The fighting between Armenia and Azerbaijan over Nagorno-Karabakh continues. After the Secretary General, the UN Security Council is now joining the call for peace. UN Security Council calls for a ceasefire in Nagorno-Karabakh.
UN Security Council calls for a ceasefire in Nagorno-Karabakh
Dead, injured and artillery fire: The UN Security Council has expressed concern about the escalation of the conflict in the Nagorno-Karabakh region in the South Caucasus and has called for an immediate end to the fighting. The council thus joined António Guterres. “The members of the council spoke out in favor of the Secretary-General’s call for an immediate end to the fighting, tensions to be reduced and an immediate return to the negotiating table,” the council wrote in a statement.
The 15 members of the committee had previously discussed the subject behind closed doors. The initiative for this came from Germany and France and was supported by Belgium, Great Britain and Estonia. Niger currently holds the monthly rotating presidency of the most powerful UN body.
Previously, UN General Secretary Guterres had already repeatedly called for an immediate end to the fighting in Nagorno-Karabakh – also via video telephone with the Azerbaijani President Ilham Aliyev and the Armenian Prime Minister Nikol Pashinyan.
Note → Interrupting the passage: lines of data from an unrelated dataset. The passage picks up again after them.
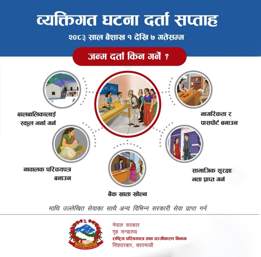 व्यक्तिगत घटना दर्ता सप्ताह २०८३ साल बैशाख १ देखि ७ गतेसम्म ।
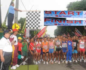 Lomba lari yang menempuh jarak 10 Km yang di berangkatkan Lanud Iswahyudi Madiun Marsekal Pertama Ismono Wijayanto.
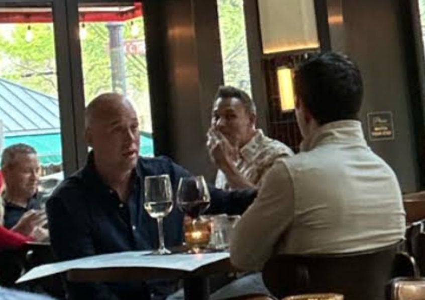 A couple of buds just sharing some vino. Start of a beautiful friendship.
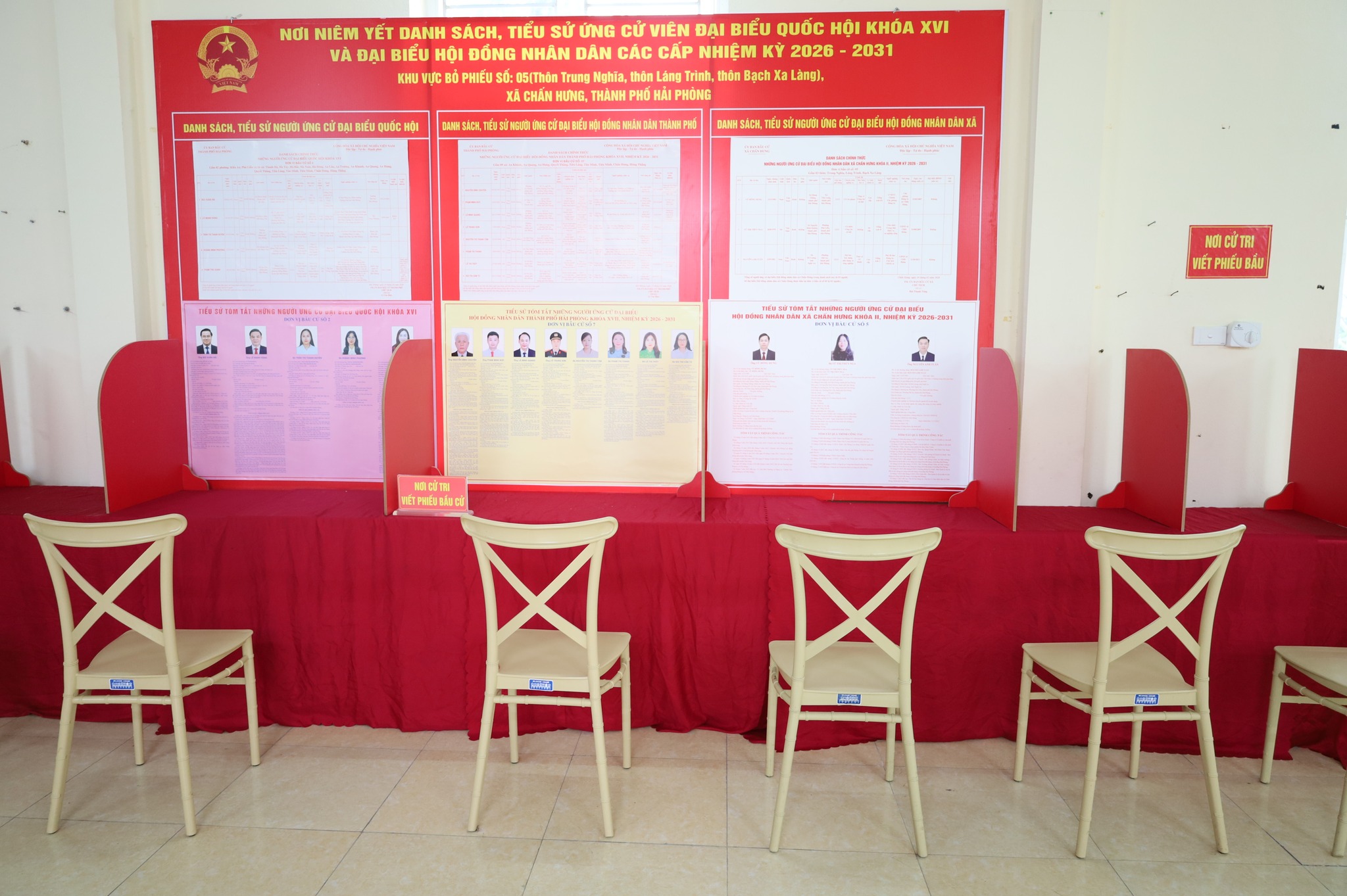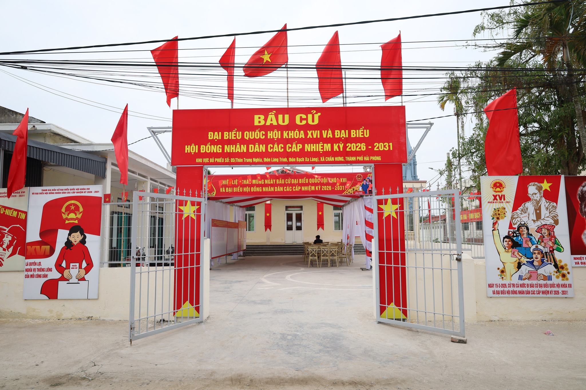 Trang trí khánh tiết tại khu vực bỏ phiếu
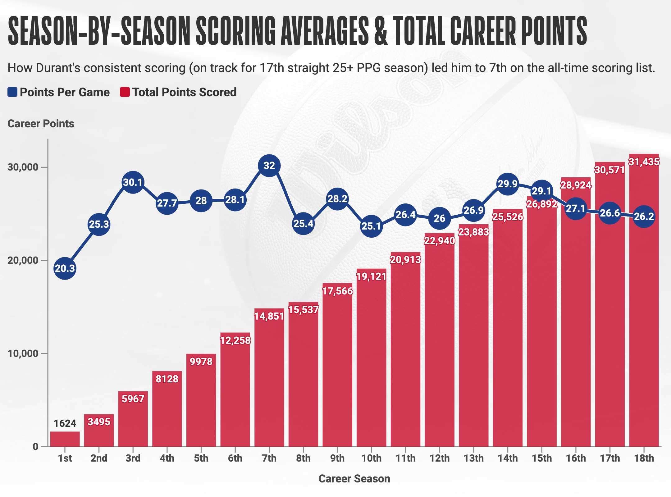 Kevin Durant passes Wilt Chamberlain on career scoring list

Guterres called for negotiations to be resumed immediately and for OSCE observers to be sent back to the region.
The conflict in Nagorno-Karabakh had escalated after unusually fierce fighting between the warring neighbors Armenia and Azerbaijan. The region controlled by Armenia with an estimated 145,000 inhabitants belongs to the Islamic Azerbaijan according to international law. It is the worst escalation in decades.
There are fears that the conflict over the disputed region between Azerbaijan and Armenia could worsen through interventions by foreign powers such as Turkey. In the South Caucasus, Turkey competes with Russia for greater influence. Moscow has friendly relations with both sides in the Nagorno-Karabakh conflict. It maintains a military base in Armenia, but also supplies weapons to Azerbaijan.